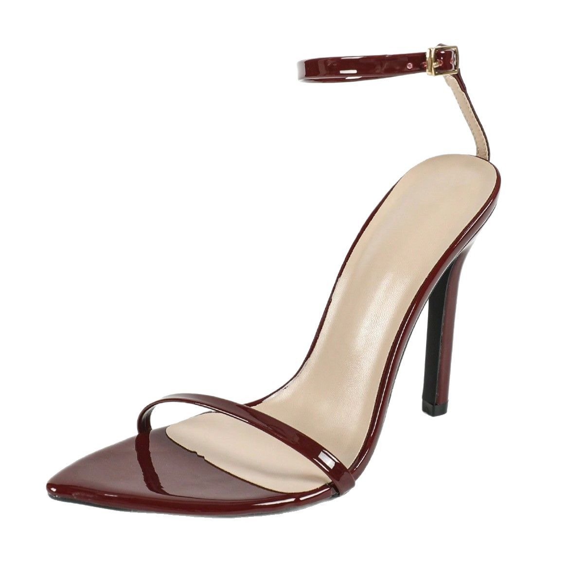 Burgundy patent stiletto with a single toe strap, slim ankle buckle and pointed toe.
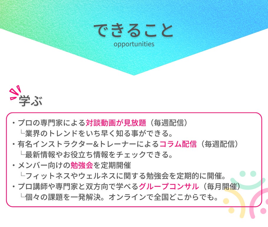 その活動の一つとして、パーソナルトレーナー・フィットネスインストラクターを中心としてオンラインコミュニティを開設し、運用をスタートさせました。
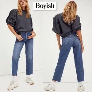 Boyish Tommy Jeans High Rise Straight Greed Wash Cotton Button Fly 26 Raw Hem

AIM OF THE TASK:
Nothing but the lines from the line with "その活動の一つとして、パーソ" through the end of the listing should appear in the answer, each duplicated exactly, without pictures.

YOUR RESPONSE:
 その活動の一つとして、パーソナルトレーナー・フィットネスインストラクターを中心としてオンラインコミュニティを開設し、運用をスタートさせました。
 Boyish Tommy Jeans High Rise Straight Greed Wash Cotton Button Fly 26 Raw Hem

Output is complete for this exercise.